A maturity model identifies the stages in an organisation’s development from its initial chaotic attempts to manage projects, programmes and portfolios, to a point where most initiatives succeed and the organisation has the ability to improve continuously.

Most models are based on the Capability Maturity Model (CMM) originally developed at Carnegie Mellon University. This identifies five levels of progression:

Level 1 - Initial: the delivery process is ad hoc and occasionally chaotic. Few processes are defined and success depends upon individual effort and heroics.

Level 2 - Repeatable: basic processes are established and the necessary discipline is in place to repeat earlier successes.

Level 3 - Defined: processes are documented and standardised. All projects, programmes or portfolios use an approved, tailored version of the documented processes.

Level 4 - Managed: metrics are gathered on process performance and used to control future performance.

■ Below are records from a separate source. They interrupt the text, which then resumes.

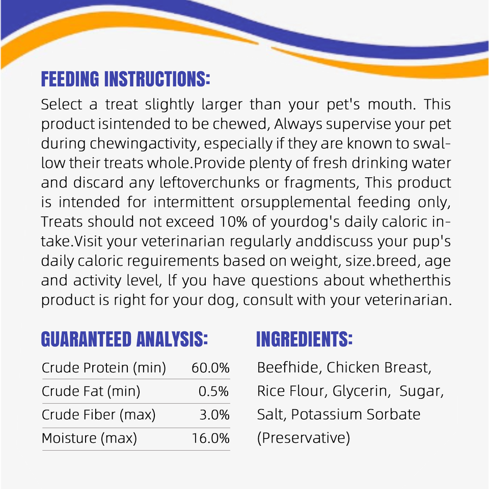 Beefhide, Chicken Breast, Rice Flour, GlycerinMain Ingredient
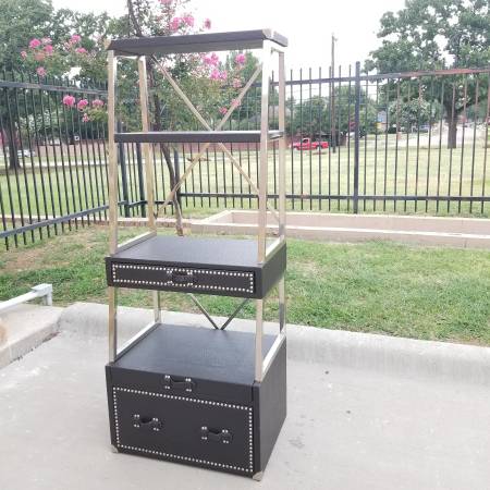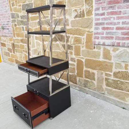 Versatile and multi purpose, it's a shelving unit / book nook, etagere with integrated storage drawers, designed in a style reminiscent of vintage travel trunks or luggage typical of Restoration hardware and other classic designs. It features a dark leather finish with metallic accents and studded detailing.
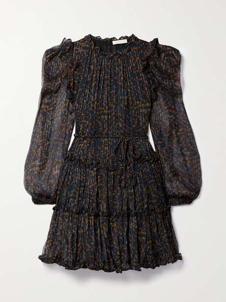 ULLA JOHNSON Gaelle ruffled printed metallic silk-chiffon mini dress
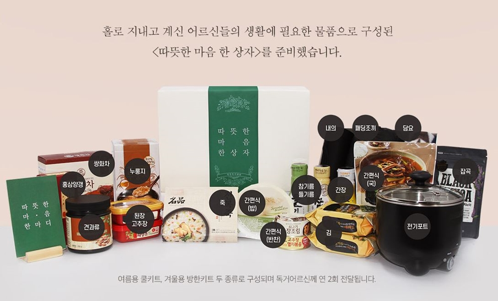■ 정기후원으로 저소득 독거노인에게 식료품과 영양제 등이 담긴 ‘따뜻한 마음 한 상자’ 전달하는 캠페인
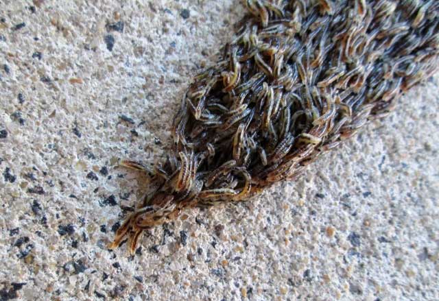 Vì chúng quá yếu và dễ bị chim hoặc các loài săn mồi khác tấn công nên kể từ khi đẻ ra, chúng xếp chồng lên nhau rồi di chuyển để tìm mồi ăn. Hình dạng đó tạo thành ảo giác cho con người khi nhìn từ xa là "con rắn".
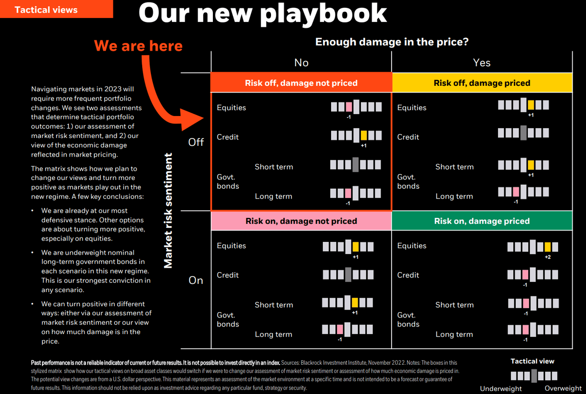 👉 BlackRock est toujours sur la défensive : surpondération des crédits (haut rendement grâce à la hausse des taux), sous-pondération des assets risqués et obligations d'état
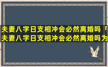 因 🐡 此,夫,妻八字日 🌾 支相冲是否会离婚需要具体分 🦅 析八字中的整体情况。
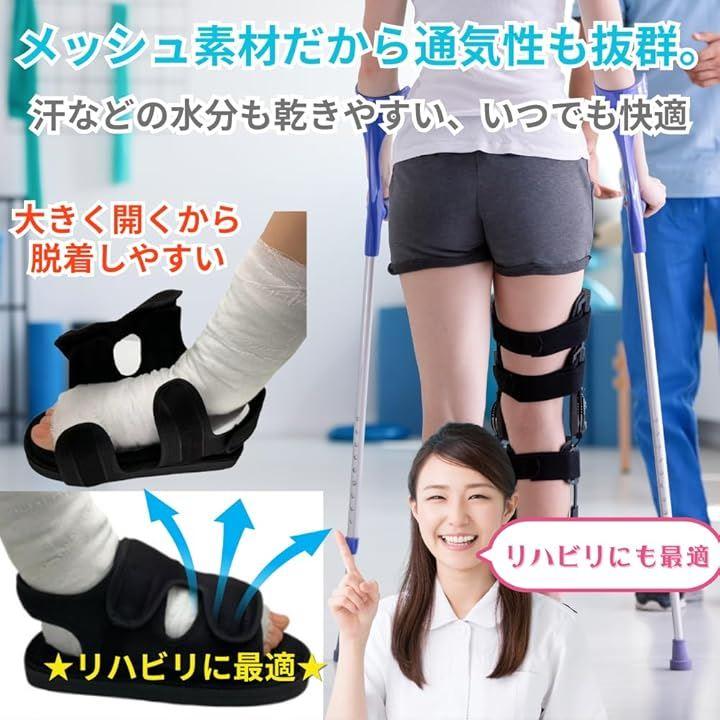 開口部が大きく開くので負傷箇所に負担無く、楽に足の出し入れができます。
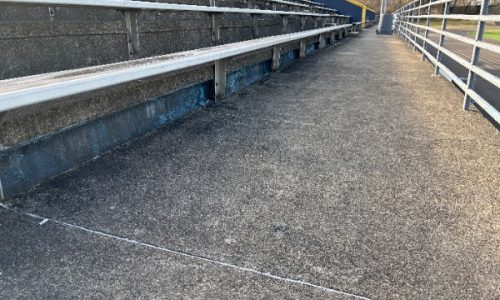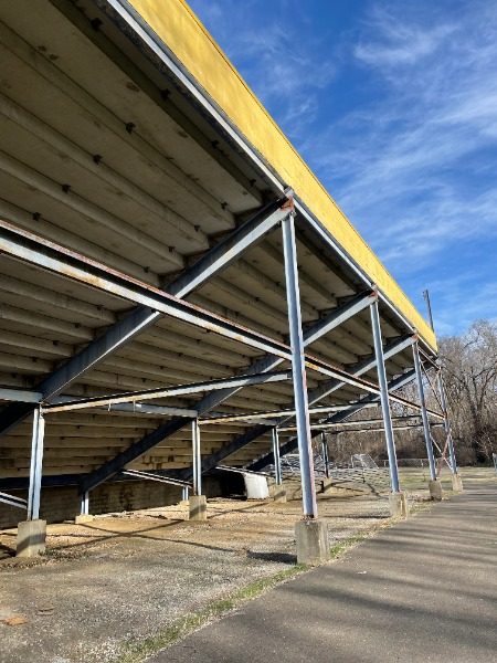 The facility—used for football, soccer, track and field, and other athletic events—had recently undergone major upgrades, including new turf and other amenities. However, the dated and deteriorating paint on structural elements left the space looking unfinished and in need of a professional refresh to match the newly upgraded features.

Level 5 - Optimising: continuous process improvement is enabled by quantitative feedback from the process and from piloting innovative ideas and technologies.In the P3 management environment, an organisation’s maturity can be defined separately for projects, programmes and portfolios, i.e. an organisation may be at level 3 for the management of projects but only at level 2 for the management of programmes.

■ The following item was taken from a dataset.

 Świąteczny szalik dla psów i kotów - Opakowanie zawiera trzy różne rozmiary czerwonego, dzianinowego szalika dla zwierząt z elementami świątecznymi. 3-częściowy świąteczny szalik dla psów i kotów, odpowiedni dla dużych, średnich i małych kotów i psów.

Maturity may be further divided into key process areas such as:

  • scope;
  • schedule;
  • finance;
  • risk;
  • quality;
  • resource.

This enables an organisation to assess and develop maturity in particular areas such as project risk management or programme resource management.

Each area has a number of attributes that are indicative of the level of maturity. For example, a well-known success factor is that risks should be identified, assessed and acted upon. The relevant attributes that indicate an organisation’s level of maturity may then be:

  • Level 1: risks arbitrarily classified and rarely, if ever, quantified;
  • Level 2: some projects recognise different categories of risk;
  • Level 3: risks identified, assessed and controlled in accordance with recognised procedures, across all projects;
  • Level 4: projects able to demonstrate resource and budgetary implications of risks throughout the project life cycle;
  • Level 5: risk assessment underpins all decision-making.

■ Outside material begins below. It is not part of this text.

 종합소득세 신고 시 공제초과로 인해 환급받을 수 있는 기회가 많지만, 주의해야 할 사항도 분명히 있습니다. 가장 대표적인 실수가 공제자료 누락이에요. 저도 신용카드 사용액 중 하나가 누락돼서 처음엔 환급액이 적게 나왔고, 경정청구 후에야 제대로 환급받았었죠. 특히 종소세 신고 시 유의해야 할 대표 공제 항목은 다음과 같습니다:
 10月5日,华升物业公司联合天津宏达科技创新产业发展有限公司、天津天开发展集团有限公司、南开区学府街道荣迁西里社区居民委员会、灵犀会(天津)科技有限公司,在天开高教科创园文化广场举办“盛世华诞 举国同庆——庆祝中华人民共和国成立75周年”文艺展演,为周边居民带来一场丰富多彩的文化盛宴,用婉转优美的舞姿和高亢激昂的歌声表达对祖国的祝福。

If an organisation wishes to deliver projects, programmes and portfolios effectively and efficiently, it should aspire to level 3 and upwards. This requires serious commitment from senior management to establish the maturity of the organisation, benchmark against a standard model (such as P3M3) and implement planned improvements.


Projects are the basic building blocks of both programmes and portfolios and many organisations start to develop their maturity by addressing success factors in the project environment. It is highly unlikely that an organisation could start to develop a mature approach to delivering programmes and portfolios without first establishing a consistent way of managing projects.


Ideally, programmes are initiated in an organisational environment where project management is already well established and consistent. However, it is not uncommon for an organisation to be managing projects in an inconsistent manner and then collect these together in a programme.

In this instance the programme management team has an opportunity to develop programme-wide governance mechanisms for the component projects. In this way, programmes can not only deliver defined organisational change and benefits, but also act as a catalyst for improving the maturity of project management which in itself leads towards programme management maturity.


Achieving maturity in portfolio management first requires the development of maturity in project and programme management.

The scale of portfolios means that they have an important role to play in embedding mature practices in the project and programme domains. The portfolio management team can provide the continuing drive to improve project and programme delivery that leads to the ‘managed’ and ‘optimising’ levels of maturity.

Similarly, over several cycles of strategic planning, the executive board of the organisation are the ones who must drive maturity in portfolio management.